VLMs are great - I have been able to use it for a similar project too [1]. And it's only going to get better. Congratulations on the product launch what's your VLM model for this?
1. A framework to use/control mobile phones via any LLM - https://github.com/BandarLabs/clickclickclick
We finetune our own VLMs for this -- unfortunately prefer not to share which ones we use specifically! ClickClickClick looks awesome, have you heard of FerretUI (https://arxiv.org/pdf/2404.05719)? Pretty similar idea.
Yes, I tried a similar one called "omniparser" - where the issue was it was missing annotating some UI elements sometimes. Moreover, Gemini and Molmo worked right out of the box without needing any fine tune.
I'm surprised you named your framework clickclickclick instead of taptaptap.
I've tried the following code:
It outputs all texts from the page. Is it expected? Maybe it should fail indicating element could not be found?extract_text returns all the lines of text it finds within an element. Looks like for your case it selected a majority of the page from the description, so it's returning most of the text on the page.
We currently don't return failure cases (just closest match) -- but good suggestion! We'll fine tune on some negative cases and see if we can catch them
Nice job! Does this only work with Python? In your docs under API reference, I only see 1 endpoint '/find-element'. If I wanted to use this via REST API without python, is that possible? Also, what kind of pricing can be expected?

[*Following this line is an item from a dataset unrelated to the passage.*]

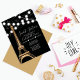 Get ready to sparkle and shine with our girly and chic Sweet Sixteen birthday party invitation! This trendy and stylish design sets the perfect tone for an unforgettable celebration. Featuring a faux printed gold sparkly glitter Paris Eiffel Tower adorned with glowing white hanging lights and silver sparkly glitter confetti, all set against a sleek black background. Flip it over to reveal a solid girly gold colour that adds a pop of fun to the back.

Thanks! We're happy to add more REST API functionality -- could you email us at founders@simplex.sh if you're up to talk further about what you'd like to see? RE: pricing, we're still figuring this out!
I have to say, looks both simple and 20 times better then those horrible no-code solutions with boxes and arrows.
I think you are onto something here.
Thanks, we hope so! That's an interesting conversation -- I'd argue that the graph-based no-code solutions you're referring to are for a different set of people than those commonly found on HN. As a developer I didn't particularly want to work with those tools, so we built this to supercharge our own code-based flows instead. I actually don't think the node-based flows are horrible at all since they successfully enable non-developers/less technical people to use agents/build easy automations.
Nice.
Does it work with sites that have cloudflare antibot (or similar) functions?
Can this use a cloud browser API like browserless?
Yep, any websocket URL works. I see that Browserless offers a websocket URL, so you can use them! You just need to pass in a Playwright browser object into the Simplex constructor.
it fails for this query search("amazon.in", "fitness watch")
Ah, we've whitelisted some websites to prevent abuse -- amazon.in wasn't one of them. I just whitelisted amazon.in for you and tried the search query -- looks like it works!
+1 for considering how it could have been abused to visit blocked sites and circumvent online protections.
The syntax is also intuitive, although site loading seems pretty slow but maybe that's just the playground and the paid access is much faster.
Yep, we also run all our python code in sandboxes and a few other security measures!
Site loading is pretty now slow due to a combination of 1. traffic we're currently getting, 2. running a remote session, 3. running a few large vision language models, and 4. adding waits to allow pages to load/allow you to view your search results. We're working on cutting our latency significantly since it leads to a better development experience.